Although U.S. federal Indian policy with
respect to Indian land under the trust doctrine generated a
host of express obligations to ceding Indian tribes undertaken
in subsequent treaties, statutes, and executive orders to
create and protect permanent land reservations as against
States and private parties, popular political pressure ensured
that these judicially unenforceable obligations were almost
never discharged with "good faith and utter loyalty to
the best interests" of the Indian tribes.
4. Plenary Power: Worcester v. Georgia
In Worcester v. Georgia, Marshall
interpreted the Commerce Clause of the U.S. Constitution to
hold that Congress had "plenary" power over Indian
affairs. Although the precise meaning of the term
"plenary" was not subject to ready determination,
Worcester loosed Congressional plenary power upon Indian
tribes, qualifying all remaining tribal powers by express
congressional legislation by 1900. Moreover, by the late
1840s, with the military power calculus shifting and gold
discovered out West, "whites c[ould] no longer be kept
out of Indian country." By adding plenary power to the
legal arsenal, Worcester and its progeny ushered in a violent
phase of expansion, executed under the rubric "Manifest
Destiny."
Over the next several decades the Army
prosecuted a sequence of wars to perfect discovery by
divesting Indians of their possessory interest and enabling
the United States to claim trust title and exercise plenary
power. Still other wars were fought to suppress Indian unrest
after violations of Indian treaties. After each genocidal
campaign, a dwindled, harried, and hungry Indian nation in
extremis sued for a peace that surrendered vast tracts of
lands and political freedom in exchange for dependence and
"civilization." During the first decade after the
Civil War, the United States acquired nearly one-fourth of the
land within its modern contiguous boundaries entirely free of
any legal obligation to pay more than token compensation. Yet
despite distribution of millions of cheap acres to settlers,
the national greed for space, fueled by an evolving
inter-branch compact authorizing takings of Indian land,
dictated confiscation of the remainder of Indian country.

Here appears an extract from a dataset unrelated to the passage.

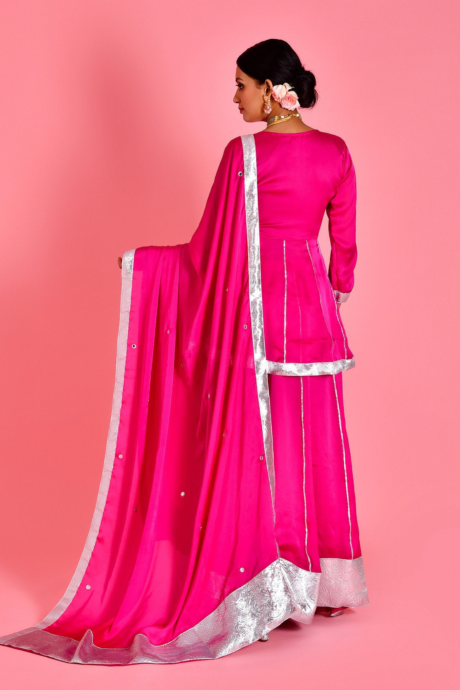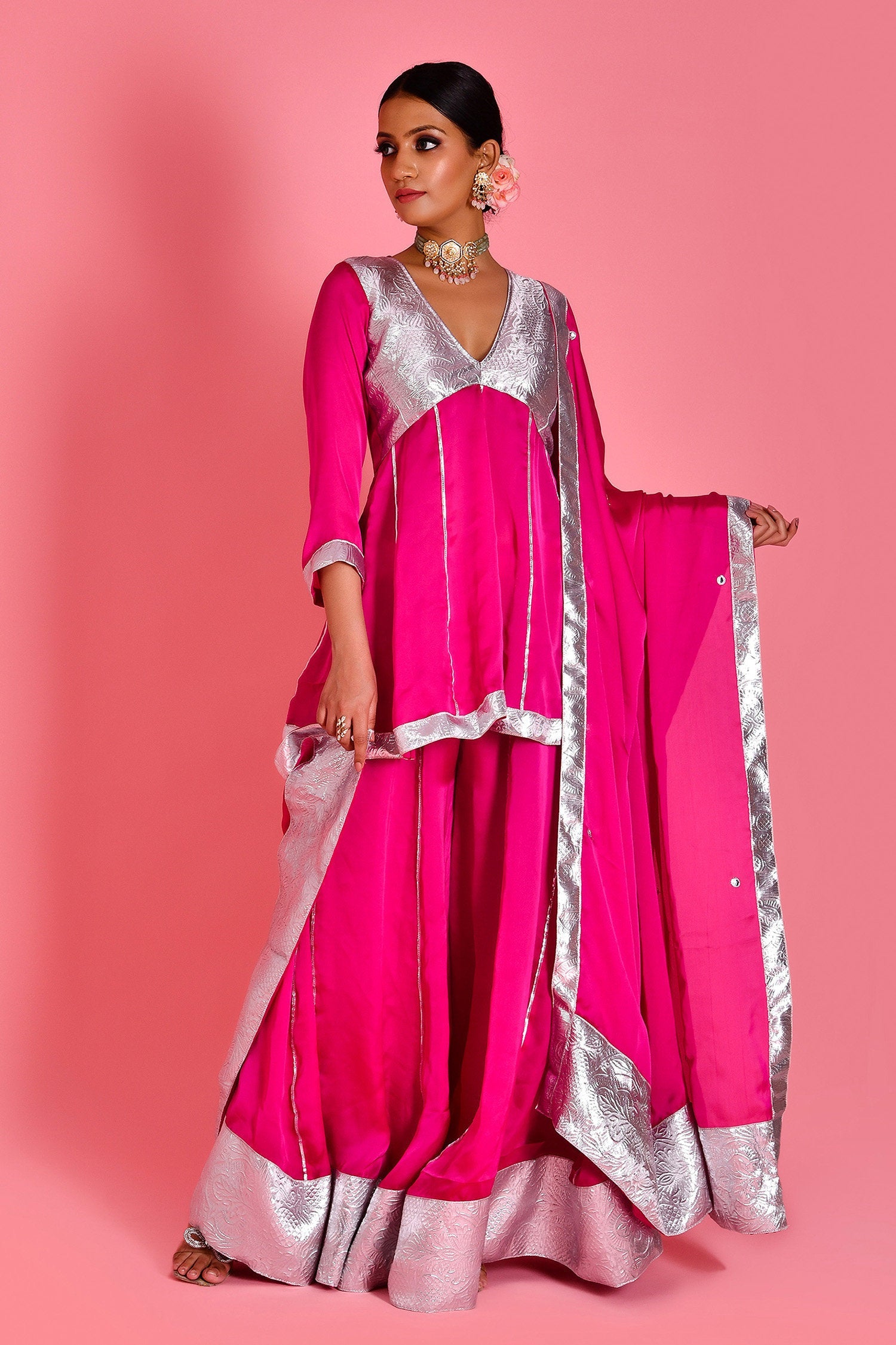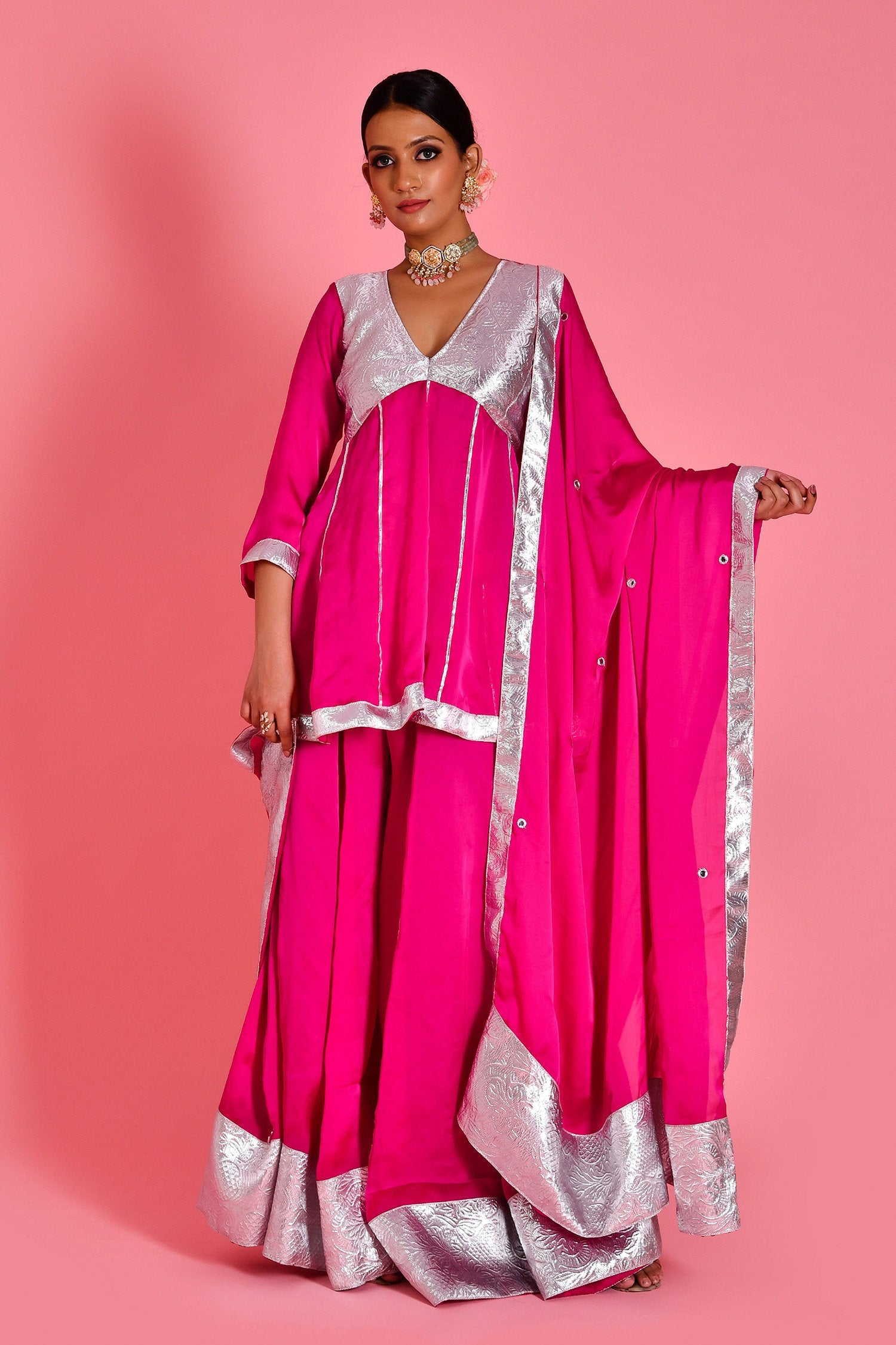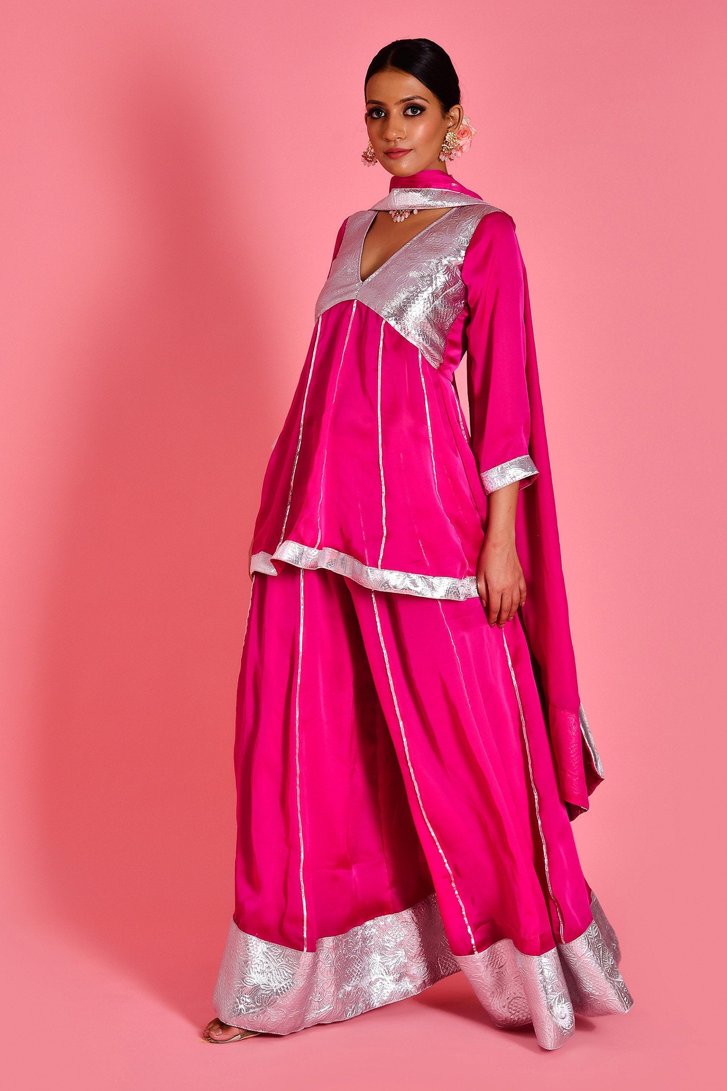 Magenta Pink Satin Silk Sharara Set

5. Sunset of Indian Sovereignty: End of the
Treatymaking Era
In 1871 Congress exercised plenary power to
strip away the last formal vestiges of Indian juridical
sovereignty by providing that "[n]o Indian nation or
tribe shall be acknowledged or recognized as an independent
nation, tribe, or power with whom the United States may
contract by treaty." No longer compelled as a matter of
federal law to treat Indian nations as foreign sovereigns or
to regulate Indian affairs by treaty, the government could now
acquire Indian land without even the pretense of consent, and
Congress, unwilling to allow "(a)n idle and thriftless
race of savages ... to stand guard at the treasure vaults of
the nation[,]" gave the Army free rein to employ genocide
to crush the last obstacles to the orderly march to the
Pacific.
6. Allotment to Present: "Mighty
Pulverizing Engine"
By 1887 all two billion acres of the U.S.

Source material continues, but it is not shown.